Department of Neurosurgery, Jinling Hospital, School of Medicine, Nanjing University, Nanjing, Jiangsu Province, PR China.
Department of Neurosurgery, Jinling Hospital, School of Medicine, Nanjing University, Nanjing, Jiangsu Province, PR China.
Brain Res Bull. 2020 Apr;157:26-36. doi: 10.1016/j.brainresbull.2020.01.019. Epub 2020 Jan 31.

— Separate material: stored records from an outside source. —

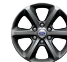
XLT 18" Magnetic-Painted Cast-Aluminum Included with FX4 Off-Road Packages
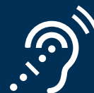
ASSISTIVE LISTENING DEVICE
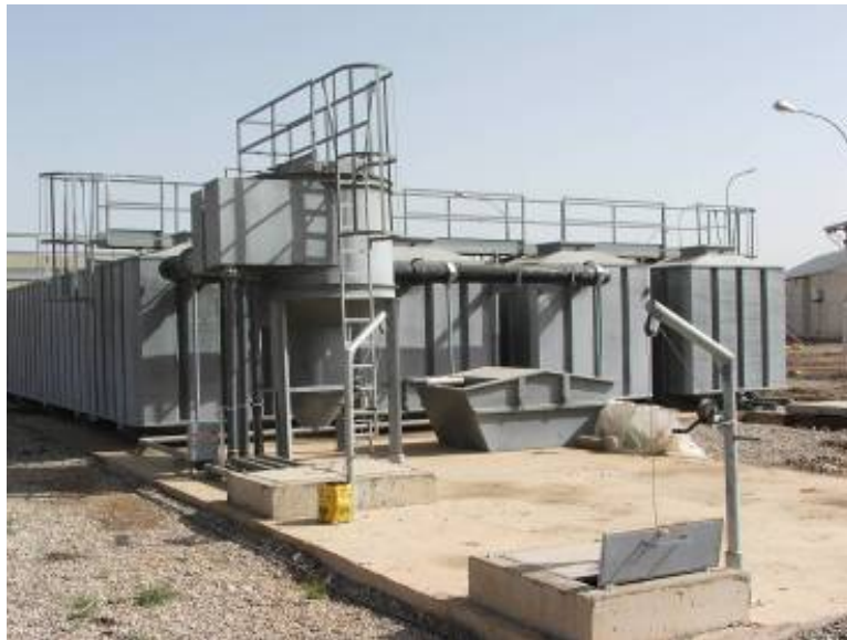
Site Photo 2. Waste water treatment plant

At the time of the assessment, the selection and fabrication of the wastewater treatment system was complete and the system was in-use (Site Photo 2). The treatment system used physical, biological, and chemical processes to purify the water before discharge. Site Photos 3 and 4 show the flow diagram and a filter press for the wastewater treatment plant, respectively. The wastewater treatment plant appeared to meet the contract requirements.
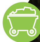
Underground Mining Vehicles Heavy Duty Wheel Chocks
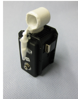
Fig. 2. Servo including wetted fleece for cooling
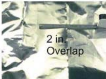
Overlap the two pieces by 2" – lengthwise.
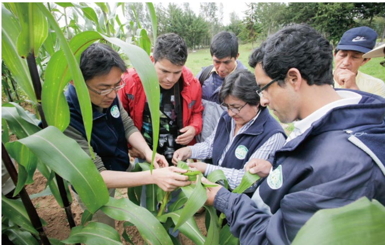
Project for Improving Livelihood of Small-scale Farmers in Cajamarca (Peru): An expert is checking for diseases of purple corn and giving advice to the local counterparts, in order to improve the livelihood of the small-scale farmers.

Sodium aescinate (SA), a natural plant extract, has been proven to provide neuroprotection in neurological diseases. However, its role and the underlying pathophysiological mechanisms in traumatic brain injury (TBI) are still not well understood. The present study was aimed to investigate the protective effects of SA in both in vivo and in vitro TBI models. Mice or neurons were randomly divided into control, TBI, TBI + vehicle and TBI + SA groups. Neurologic severity score (NSS) was used to evaluate the neurological impairment. Brain water content and lesion volume were used to assess the brain injury degree. Malondialdehyde (MDA) and glutathione peroxidase (GPx) levels were used to estimate oxidative stress. Western blot was used to determine the protein levels. Nissl and terminal deoxynucleotidyl transferase-mediated dUTP nick 3'-end labeling (TUNEL) staining were used to measure cell death and apoptosis. Our results revealed that treatment of SA could improve neurological function, decrease cerebral edema and attenuate brain lesion after TBI. Furthermore, administration of SA suppressed TBI-induced oxidative stress, neuron cell death and apoptosis. In addition, SA activated the nuclear factor erythroid 2-related factor 2 (Nrf2)-antioxidant response element (ARE) pathway after TBI. However, SA failed to provide neuroprotection following TBI in Nrf2 mice. Taken together, our results provided the first evidence that SA treatment played a key role in neuroprotection after TBI through the Nrf2-ARE pathway.
丹酚酸 A(SA)是一种天然植物提取物,已被证明在神经疾病中具有神经保护作用。然而,其在创伤性脑损伤(TBI)中的作用和潜在的病理生理机制仍不清楚。本研究旨在探讨 SA 在体内和体外 TBI 模型中的保护作用。小鼠或神经元被随机分为对照组、TBI 组、TBI+载体组和 TBI+SA 组。神经功能缺损评分(NSS)用于评估神经损伤程度。脑水含量和病变体积用于评估脑损伤程度。丙二醛(MDA)和谷胱甘肽过氧化物酶(GPx)水平用于评估氧化应激。Western blot 用于测定蛋白水平。尼氏染色和末端脱氧核苷酸转移酶介导的 dUTP 缺口末端标记(TUNEL)染色用于测量细胞死亡和凋亡。结果显示,SA 治疗可改善 TBI 后神经功能,降低脑水肿,减轻脑损伤。此外,SA 抑制了 TBI 诱导的氧化应激、神经元细胞死亡和凋亡。此外,SA 在 TBI 后激活了核因子红细胞 2 相关因子 2(Nrf2)-抗氧化反应元件(ARE)通路。然而,在 Nrf2 小鼠中,SA 未能在 TBI 后提供神经保护作用。综上所述,我们的研究结果首次表明,SA 通过 Nrf2-ARE 通路在 TBI 后发挥关键的神经保护作用。